Seu registro grave me agrada menos, e isto deve relacionar-se com o triplo recomeçar do pescoço estranho e fino, que parece terminar mas continua a subir; nela, em vez de detalhes medíocres, o que me agrada é antes a silhueta.
E, como ela é costureira e deve saber lidar com tesouras, é necessário que me dê um belo corte de si mesma em papel.
Charlie pouca atenção dera a esses elogios, tanto mais que celebravam qualidades que sempre lhe haviam escapado em sua noiva. Porém respondeu ao Sr. de Charlus:
- Está entendido, meu benzinho, eu lhe passarei um sabão para que não fale mais desse jeito. -
Se Morel dizia assim "meu benzinho" ao Sr. de Charlus, não é que ignorasse que mal teria um terço da idade do barão. Também não dizia como o teria feito Jupien, mas com aquela simplicidade que, em certas relações, postula que a supressão da diferença de idade tacitamente precedeu a ternura. A ternura fingida em Morel, a ternura sincera em outros. Assim, por aquela época, o Sr. de Charlus recebeu uma carta concebida nestes termos: "Meu caro Palamede, quando te verei? Estou muito aborrecido com tua ausência e penso muito em ti etc. Todo teu, PIERRE."

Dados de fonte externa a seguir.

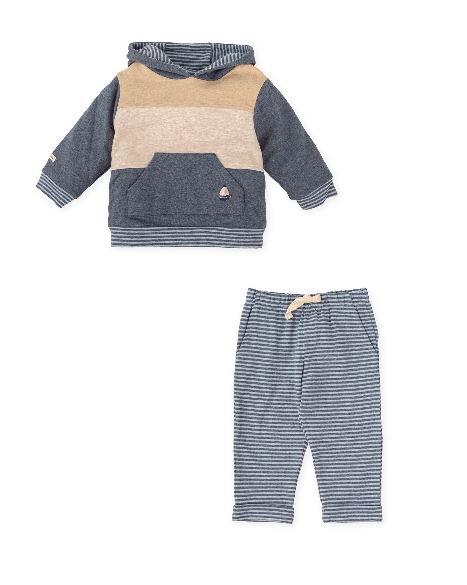 This soft and stylish two-piece set is perfect for chilly days. The cozy sweatshirt features a warm navy fleece with sand and cream color-blocked stripes, a practical hood, and a front pouch pocket for extra cuteness. It pairs with ultra-comfortable striped interlock pants, complete with an elastic waistband and side pockets for all their little treasures.

O Sr. de Charlus quebrou a cabeça para descobrir quem era, dentre os parentes, que se permitia escrever-lhe com tanta familiaridade, e que devia por conseqüência conhecê-lo bem, e do qual, apesar de tudo, não reconhecia a escrita. Todos os príncipes a quem o Almanaque de Gotha dedica umas poucas linhas desfilaram por alguns dias na cabeça do Sr. de Charlus. Por fim, bruscamente, um endereço escrito no verso do envelope o esclareceu: o autor da carta era um moço de recados de um clube de jogo aonde o Sr. de Charlus ia às vezes. Esse rapaz não se julgara impolido ao escrever naquele tom ao Sr.
de Charlus, que, ao contrário, gozava de grande prestígio a seus olhos. Mas imaginava não ser gentil não tratar por tu a uma pessoa que o havia beijado várias vezes e que, desse modo- pensava ele em sua ingenuidade-, dera-lhe a sua afeição. No fundo, o Sr. de Charlus ficou deslumbrado com aquela familiaridade. Chegou até a acompanhar o Sr. de Vaugoubert a casa, certo dia, para poder lhe mostrar a carta. E, no entanto, Deus sabe como o Sr. de Charlus não gostava de sair com o Sr. de Vaugoubert.
Pois este, de monóculo no olho, contemplava de todos os lados os rapazes que passavam. Mais ainda: liberando-se quando estava com o Sr. de Charlus, fazia uso de uma linguagem que o barão detestava.